Other times, the network is learning, but very very badly. Accuracy never went beyond 0.4 (while in TensorFlow 1.x I got an effortless 0.95+). Such a low performance suggests me that something went wrong in the training.
Other times, the accuracy is very slowly improving, while the loss remains constant all the time.
What can cause these problems? Please help me understand my mistakes.
UPDATE:
After some corrections, I can make the Network learn. However, its performance is extremely poor. After 1000 epochs, it reaches about %40 accuracy, which clearly means something is still wrong. Any help is appreciated.
The tf.GradientTape is recording every operation that happens inside its scope.
You don't want to record in the tape the gradient calculation, you only want to compute the loss forward.
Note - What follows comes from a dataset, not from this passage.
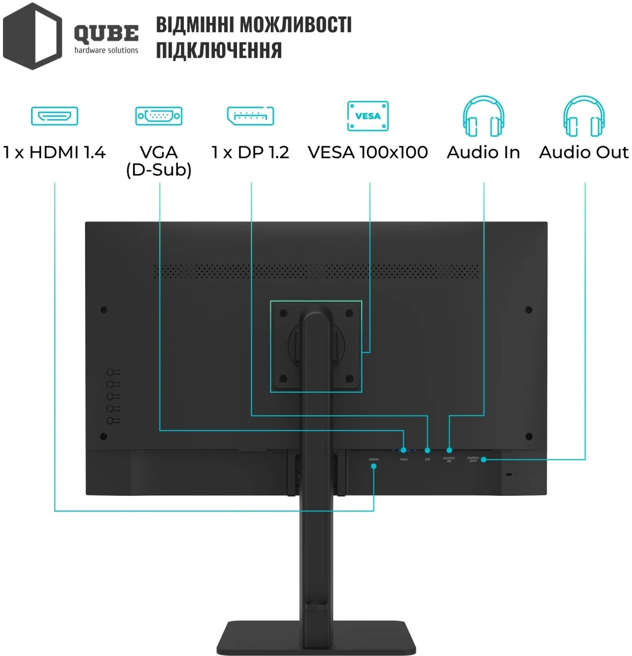 Вбудовані динаміки та широкий набір інтерфейсів, включаючи DisplayPort 1.2, HDMI 1.4, VGA, аудіовхід та вихід, роблять цю модель універсальною та зручною у використанні як вдома, так і в офісі.

with tf.GradientTape() as tape:
# take binary cross-entropy (bce_loss)
current_loss = bce_loss(model(df), classification)
# End of tape scope
# Update weights based on the gradient of the loss function
gradients = tape.gradient(current_loss, model.trainable_variables)
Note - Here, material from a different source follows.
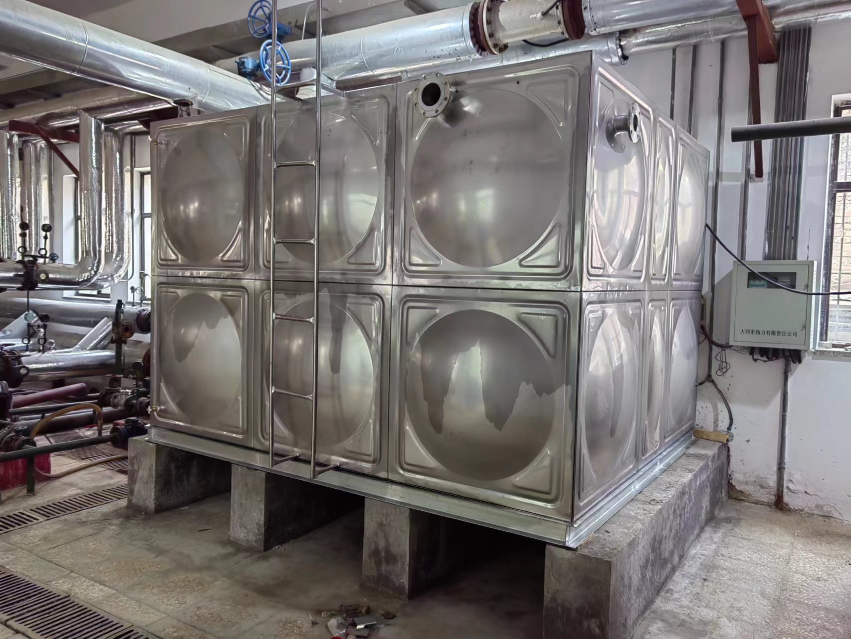 我廠承接的山西省大同市銀豪嘉園換熱站一臺15立方304不銹鋼水箱補水水箱已經安裝試水完成,客戶對我們的產品質量及安裝服務表示滿意和認可?,F場實拍照片如下:

# The tape is now consumed
optimizer.apply_gradients(zip(gradients, model.trainable_variables))
More importantly, I don't see the loop on the training set, therefore I suppose the complete code looks like:
for epoch in range(n_epochs):
for df, classification in dataset:
# your code that computes loss and trains
Moreover, the usage of the metrics is wrong.
You want to accumulate, thus update the internal state of the accuracy operation, at every training step and measure the overall accuracy at the end of every epoch.
Thus you have to:
# Measure the accuracy inside the training loop
accuracy.update_state(model(df), classification)
And call accuracy.result() only at the end of the epoch, when all the accuracy value have been saved into the metric.
Remember to call to the .reset_states() method to clears the variable states, resetting it to zero at the end of every epoch.